## What is expected
Without the pictures, reproduce the entries below exactly.

## Task inputs
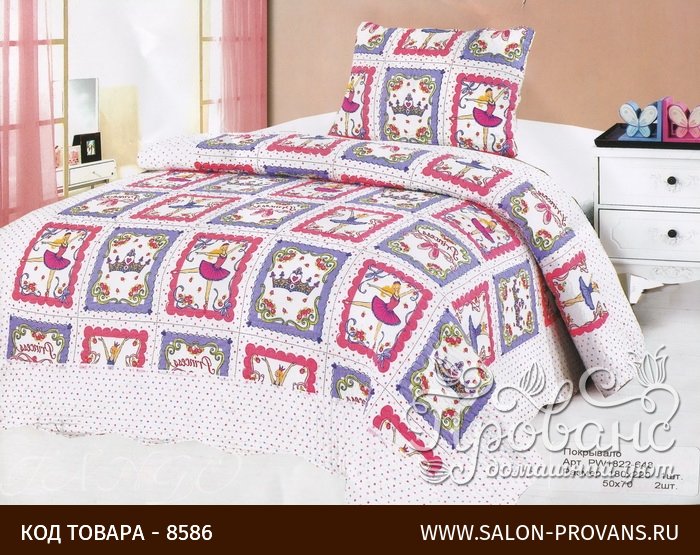 Покрывало пэчворк с танцующими принцессами непременно понравится любой юной моднице. Очаровательное белье из сатина отличается особенным девичьим мотивом, который близок каждой девочке. Расположенные в симметричном порядке, квадраты представляют собой особые затейливые рамки-виньетки, в которых чередуются изображение танцующей девушки и ее аксессуары. Розовые и нежно-фиолетовые оттенки отлично подойдут для нежной и милой девичьей спальни. Основной фон комплекта - мелкий цветной горошек. Фон набора домашнего текстиля и его декор замечательно комбинируются и делают спальню девочки яркой, модной и оригинальной.
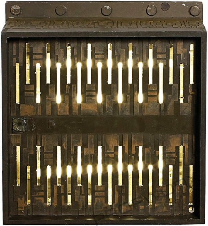 Boîte en MDF de production peinte en bronze avec patine turquoise avec panneau à fentes encastré avec 36 fentes, lumières intérieures s'allument lorsque l'accessoire est branché, la fonctionnalité est vérifiée, la boîte est couverte sur trois côtés et à l'intérieur de la niche avec des décorations laminées, lèvre avant de la boîte a cinq aimants, l'arrière de la boîte a un trou de 1in, mesure environ. 15,25 x 14,75 x 6,25 po.
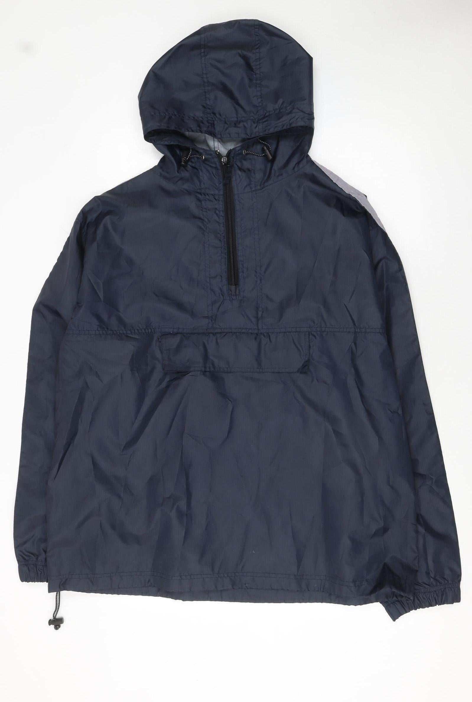 Step into effortless urban style and everyday practicality with this Disciple Men's Blue Anorak Jacket in size Large. Designed for versatility and comfort, this mid-length jacket delivers classic outdoor utility in a lightweight, windproof construction perfect for unpredictable British weather. The durable polyester outer shell provides reliable protection from the wind and light rain, while the full polyester lining maintains a comfortable fit and feel for all-day wear. Featuring a smart 1/4 zip fastening, adjustable hood with drawcords, elasticated cuffs and hem with toggle pull, and a spacious front pouch pocket, this jacket combines functionality with laid-back character. The navy blue tone offers timeless appeal, complemented by subtle grey detailing along the sleeves for a contemporary touch. With its lightweight microfibre fabric, this anorak is an easy grab-and-go essential, ideal for layering over casual pieces during transitional seasons like spring and autumn. The regular fit ensures a comfortable silhouette suitable for both everyday use and outdoor pursuits such as hiking, walking, or travel. Simple yet stylish, this hooded top offers a fuss-free way to stay comfortable while looking sharp. In excellent used condition with only minimal signs of wear and no visible flaws, this Disciple outerwear piece is a great sustainable wardrobe addition for anyone who values quality and practicality. Perfect for commuters, weekend explorers, or those who appreciate effortless, sporty design. Pair it with jeans, joggers or cargo trousers for an easy casual look, or throw it over your gym gear for a functional finish. A smart and reliable choice that never goes out of fashion—durable, breathable, and effortlessly cool.
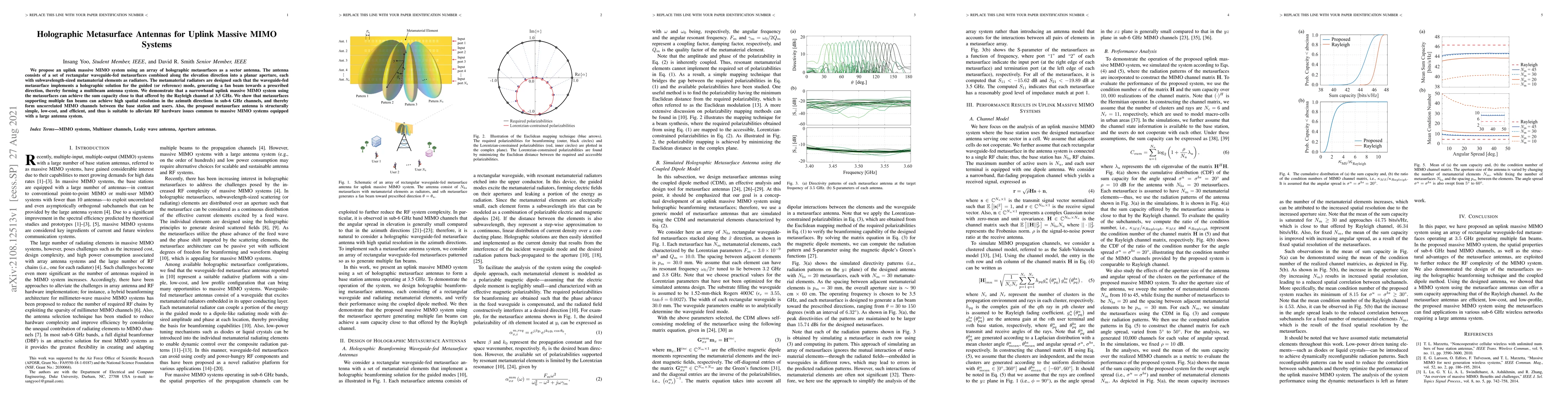 This paper proposes a novel holographic metasurface antenna for uplink massive MIMO systems, demonstrating high spatial resolution and sum capacity near Rayleigh channel performance at 3.5 GHz. The metasurface design is simple, low-cost, and efficient, addressing common RF hardware issues in massive MIMO systems.
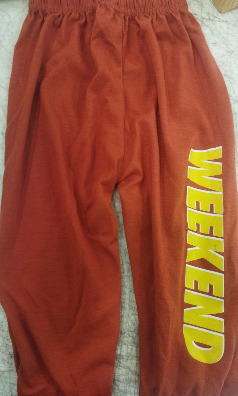 Brown Color Cotton Weekend Printed Trousers For Kids For 2 Yr
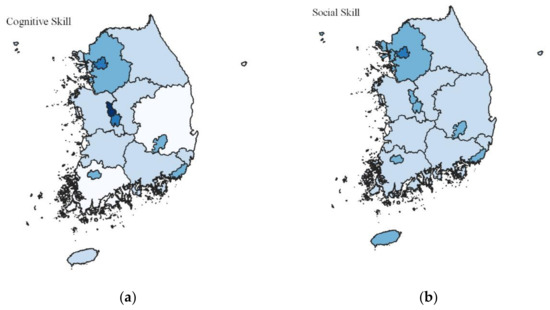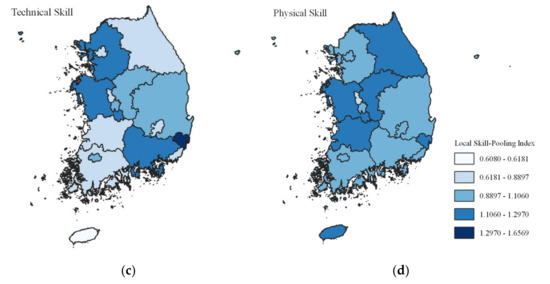 We identify several patterns in the comparative advantages of skill-based local labor pooling. The capital city and adjacent provincial areas of Gyeonggi have an advantage in workforces with cognitive and social skills. The old southeastern industrialized belt, Ulsan and Gyeongnam, and the outskirts of capital areas such as Incheon and Chungnam are specialized in technically skilled workforces. The workforces of planned cities such as Sejong and Daejeon have a relative advantage in cognitive and social skills. Daejeon was designed for developing the science and technology cluster, and Sejong was built for relocating administrative functions from Seoul to Sejong. The less developed provinces and adjacent rural areas of Gangwon, Chungbuk, Jeonbuk, and Jeonnam show higher values in physical skill labor pooling. Jeju, which is specialized in tourism, has a large workforce with social and physical skills.
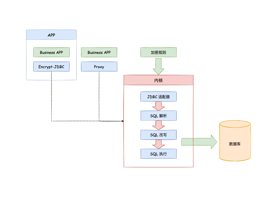 行为,再依据用户传入的加密规则,找出需要加密的字段和所使用的加解密算法对目标字段进行加解密处理后,再与底层数据库进行交互。
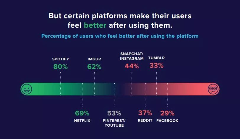 Imgur的匿名性促成了它的成功,在Instagram、Facebook等社区,用户会尝试塑造完美形象,而匿名社区Imgur和Reddit中才会出现真实的自己。据调查,多数用户希望查看自己关注而非算法推荐的内容,也希望使用的社区更加真实,以内容为驱动,62%Imgur用户会在使用过后感觉更开心,该比例仅次于Spotify和Netflix,而Snapchat、Facebook等社交软件则让人越用越不爽。
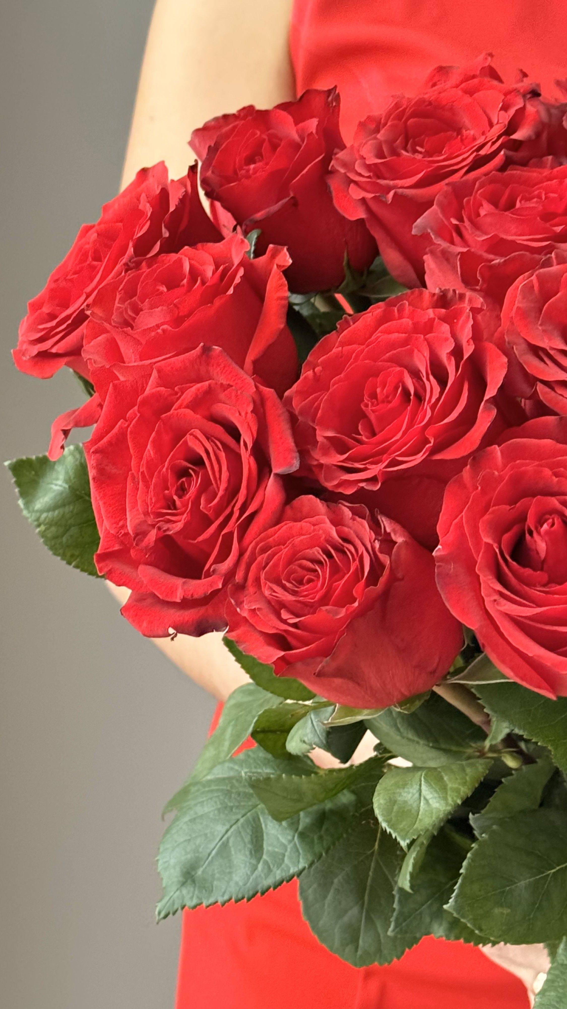 "Пылающее Сердце" – эксклюзивный моно-букет из красных премиум-роз

## Answer area
 Покрывало пэчворк с танцующими принцессами непременно понравится любой юной моднице. Очаровательное белье из сатина отличается особенным девичьим мотивом, который близок каждой девочке. Расположенные в симметричном порядке, квадраты представляют собой особые затейливые рамки-виньетки, в которых чередуются изображение танцующей девушки и ее аксессуары. Розовые и нежно-фиолетовые оттенки отлично подойдут для нежной и милой девичьей спальни. Основной фон комплекта - мелкий цветной горошек. Фон набора домашнего текстиля и его декор замечательно комбинируются и делают спальню девочки яркой, модной и оригинальной.
 Boîte en MDF de production peinte en bronze avec patine turquoise avec panneau à fentes encastré avec 36 fentes, lumières intérieures s'allument lorsque l'accessoire est branché, la fonctionnalité est vérifiée, la boîte est couverte sur trois côtés et à l'intérieur de la niche avec des décorations laminées, lèvre avant de la boîte a cinq aimants, l'arrière de la boîte a un trou de 1in, mesure environ. 15,25 x 14,75 x 6,25 po.
 Step into effortless urban style and everyday practicality with this Disciple Men's Blue Anorak Jacket in size Large. Designed for versatility and comfort, this mid-length jacket delivers classic outdoor utility in a lightweight, windproof construction perfect for unpredictable British weather. The durable polyester outer shell provides reliable protection from the wind and light rain, while the full polyester lining maintains a comfortable fit and feel for all-day wear. Featuring a smart 1/4 zip fastening, adjustable hood with drawcords, elasticated cuffs and hem with toggle pull, and a spacious front pouch pocket, this jacket combines functionality with laid-back character. The navy blue tone offers timeless appeal, complemented by subtle grey detailing along the sleeves for a contemporary touch. With its lightweight microfibre fabric, this anorak is an easy grab-and-go essential, ideal for layering over casual pieces during transitional seasons like spring and autumn. The regular fit ensures a comfortable silhouette suitable for both everyday use and outdoor pursuits such as hiking, walking, or travel. Simple yet stylish, this hooded top offers a fuss-free way to stay comfortable while looking sharp. In excellent used condition with only minimal signs of wear and no visible flaws, this Disciple outerwear piece is a great sustainable wardrobe addition for anyone who values quality and practicality. Perfect for commuters, weekend explorers, or those who appreciate effortless, sporty design. Pair it with jeans, joggers or cargo trousers for an easy casual look, or throw it over your gym gear for a functional finish. A smart and reliable choice that never goes out of fashion—durable, breathable, and effortlessly cool.
 This paper proposes a novel holographic metasurface antenna for uplink massive MIMO systems, demonstrating high spatial resolution and sum capacity near Rayleigh channel performance at 3.5 GHz. The metasurface design is simple, low-cost, and efficient, addressing common RF hardware issues in massive MIMO systems.
 Brown Color Cotton Weekend Printed Trousers For Kids For 2 Yr
 We identify several patterns in the comparative advantages of skill-based local labor pooling. The capital city and adjacent provincial areas of Gyeonggi have an advantage in workforces with cognitive and social skills. The old southeastern industrialized belt, Ulsan and Gyeongnam, and the outskirts of capital areas such as Incheon and Chungnam are specialized in technically skilled workforces. The workforces of planned cities such as Sejong and Daejeon have a relative advantage in cognitive and social skills. Daejeon was designed for developing the science and technology cluster, and Sejong was built for relocating administrative functions from Seoul to Sejong. The less developed provinces and adjacent rural areas of Gangwon, Chungbuk, Jeonbuk, and Jeonnam show higher values in physical skill labor pooling. Jeju, which is specialized in tourism, has a large workforce with social and physical skills.
 行为,再依据用户传入的加密规则,找出需要加密的字段和所使用的加解密算法对目标字段进行加解密处理后,再与底层数据库进行交互。
 Imgur的匿名性促成了它的成功,在Instagram、Facebook等社区,用户会尝试塑造完美形象,而匿名社区Imgur和Reddit中才会出现真实的自己。据调查,多数用户希望查看自己关注而非算法推荐的内容,也希望使用的社区更加真实,以内容为驱动,62%Imgur用户会在使用过后感觉更开心,该比例仅次于Spotify和Netflix,而Snapchat、Facebook等社交软件则让人越用越不爽。
 "Пылающее Сердце" – эксклюзивный моно-букет из красных премиум-роз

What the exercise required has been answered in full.